Enero de 1183

Ese año el invierno estaba siendo extraordinariamente suave. No había nevado un solo día, y también la lluvia había sido escasa. Ellen inspiró con gozo el aire del mediodía. Hacía un año y medio que no forjaba nada que no fueran espadas. Su fama le había reportado mejor clientela y unos ingresos espectaculares.

Isaac también se había labrado una buena reputación. Cada vez más nobles aprovechaban sus conocimientos para hacerse pulir las armas, ya fueran nuevas o reliquias de familia. Tenía tanto trabajo que hacía poco había empleado a un joven de Sto Edmundsbury al que formaba como espadero.

Cada día recibían más encargos, y Ellen daba gracias al Señor con constantes oraciones y pequeñas limosnas que entregaba a los pobres.

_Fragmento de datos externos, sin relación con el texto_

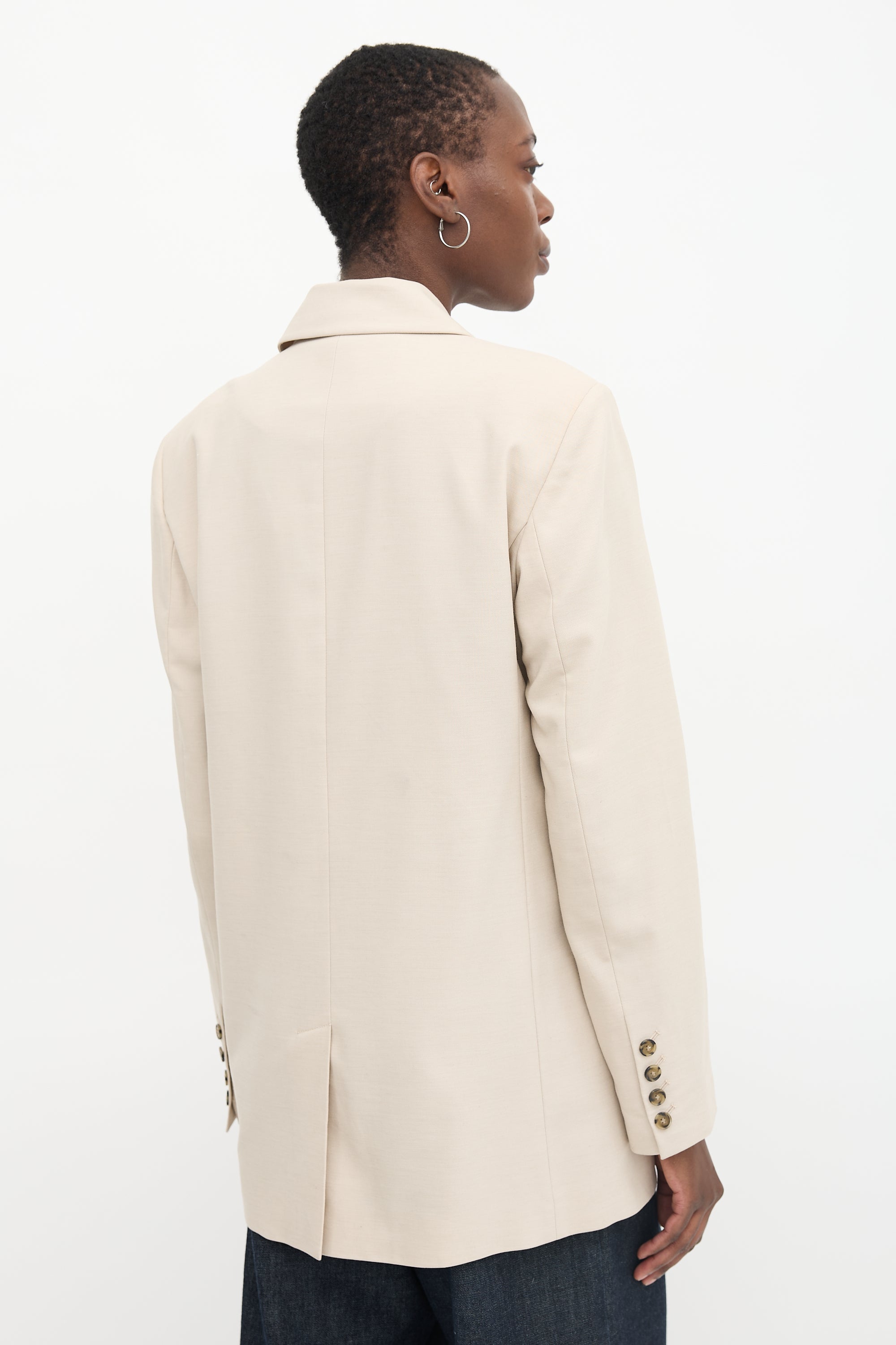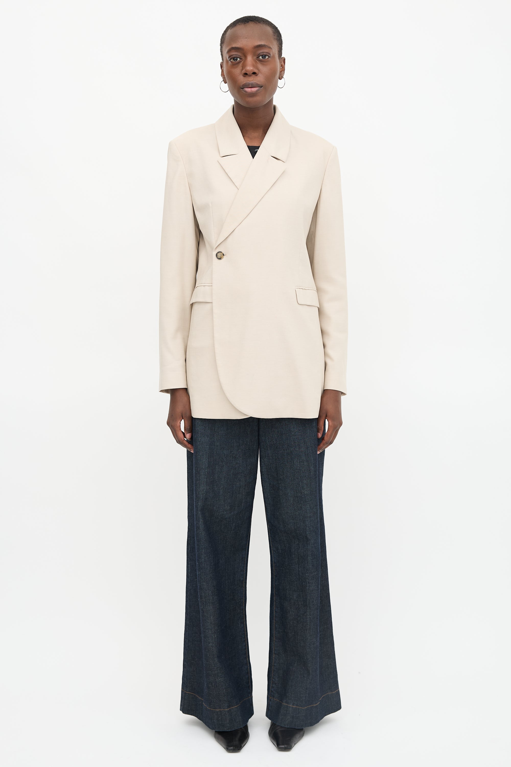 Pre-owned Birgitte Herskind beige Verner blazer featuring a peak lapel, padded shoulder, asymmetrical button front, double welt pockets, and back vent. Lined.
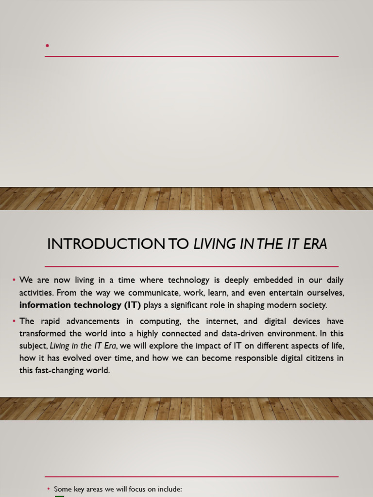 subject, Living in the IT Era, we will explore the impact of IT on different aspects of life,
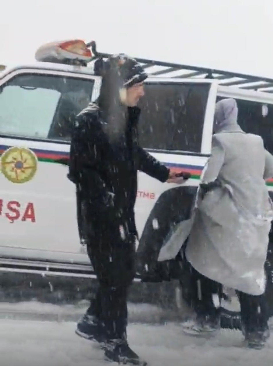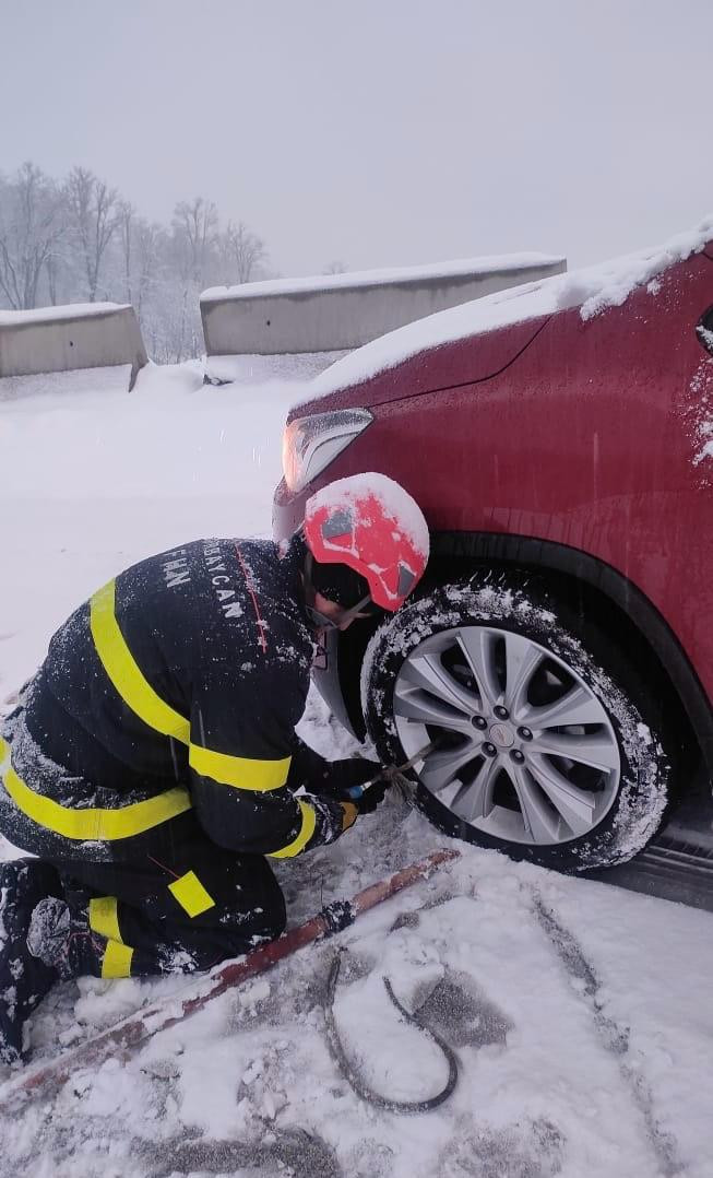 В Ходжалинском районе, на участке Дороги Победы, проходящем через территорию села Бахарлы, из-за обледенения дорожного покрытия граждане оказались в беспомощном положении в своих автомобилях.

—La herrería se nos queda pequeña… y también la casa. Creo que ya va siendo hora de ampliar las dos. He hecho averiguaciones, y el abad me ha recomendado a un maestro constructor —le dijo un día a Isaac.

—¿El abad?

—Hace poco volvió a encargar unas espadas, ¿no lo sabías?

Isaac suspiró, sonriente.

—Los personajes más elevados del país quieren que trabajemos para ellos; de vez en cuando puede pasarle a uno alguien por alto. —Se encogió de hombros, visiblemente desconcertado, y al mismo tiempo se le iluminó el rostro—. Jamás había imaginado que pudiera llegarse tan lejos siendo herrero.

Se pasó la manga por la frente, satisfecho.

—Quiero una auténtica casa de piedra —le comunicó Ellen con aire un poco romántico.

Isaac tragó saliva. Había construido la pequeña casa de paredes entramadas de pequeño, junto con su padre.

—Jean, Rose y sus hijos podrían quedarse con la casa. La cámara que construimos para ellos ya les queda demasiado estrecha. La casa nueva de piedra sería para nosotros —dijo, evitando sus protestas aun antes de que hubiera dicho nada. Le acarició la mejilla con cariño y le dio un beso en la frente—. Sé que le tienes mucho apego a esta casa, pero ya que pronto tendremos que dar cobijo a un niño más… —Suspiró.

Isaac la miró con sorpresa.

—¿Rose?

Ellen negó con la cabeza.

—¿No lo dirás por Eve? —preguntó, nervioso.

Tal como Rose había predicho, la muchacha había quedado encinta poco después de la boda. ¿No querría Ellen acogerla también a ella junto con su familia?

—¡No! ¡Estoy embarazada!

—¡Ellenweore! ¡Qué noticia más maravillosa! —exclamó Isaac con dicha; luego abrazó a Ellen y dio vueltas con ella en brazos—. ¡Ya había perdido toda esperanza de que el Señor nos enviara un retoño!